FIS referral criteria include: organised crime involvement; materially false statements made in a civil investigation; false documents used in avoidance; money laundering indicators; MTIC/carousel fraud; and organised tax credit fraud. A routine compliance check that uncovers evidence of deliberate and sophisticated evasion may also trigger an FIS referral. There is no set financial threshold, it is a discretionary decision by the investigating officer’s line management, informed by HMRC’s published criteria and the quality of the evidence available.
Is an HMRC interview under caution different from a police interview?
The procedure is very similar. HMRC officers must administer the full caution (“You do not have to say anything…”) before questioning commences. The interview is recorded and the recording may be used as evidence in any subsequent prosecution. The right to free legal advice applies (PACE s58). The key practical difference is that HMRC officers focus exclusively on financial and tax documentation rather than physical or behavioural evidence, their questions will typically be detailed and highly technical, making it all the more important that the client has appropriate criminal and financial expertise on their side before engaging.
Can an adviser attend a voluntary HMRC interview under caution as the representative?

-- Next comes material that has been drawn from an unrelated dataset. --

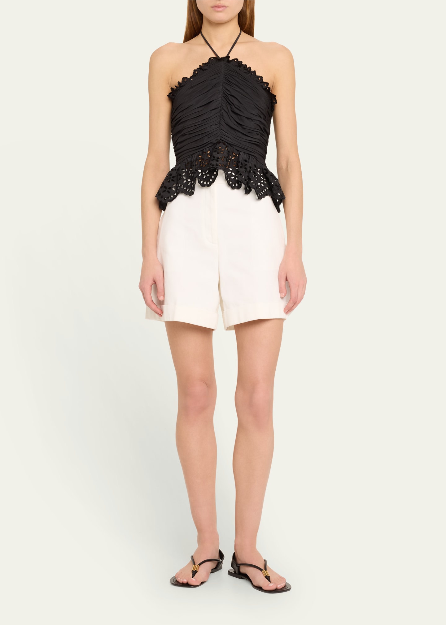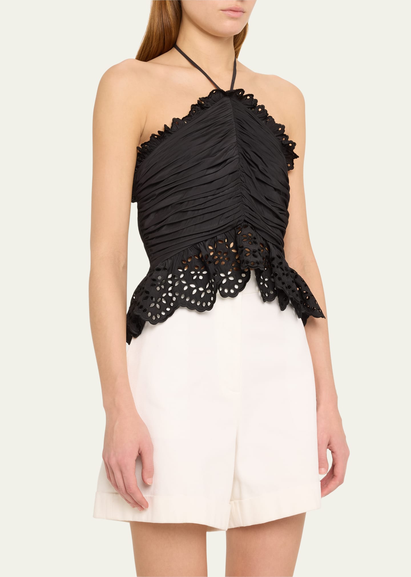 What is the Ramy Brook Michelle Gathered Eyelet-Trim Halter Blouse price?

A tax adviser or accountant is not a substitute for a criminal defence solicitor. While an adviser may attend in a supporting capacity, only a solicitor with criminal practice experience can properly advise the client on their right to silence, prepare an appropriate response strategy (including whether to give a prepared statement or answer no comment) and handle the interaction with HMRC’s criminal investigation team. Attending without proper criminal representation or attending with only a civil tax adviser, is a significant and potentially irreversible risk to the client’s position.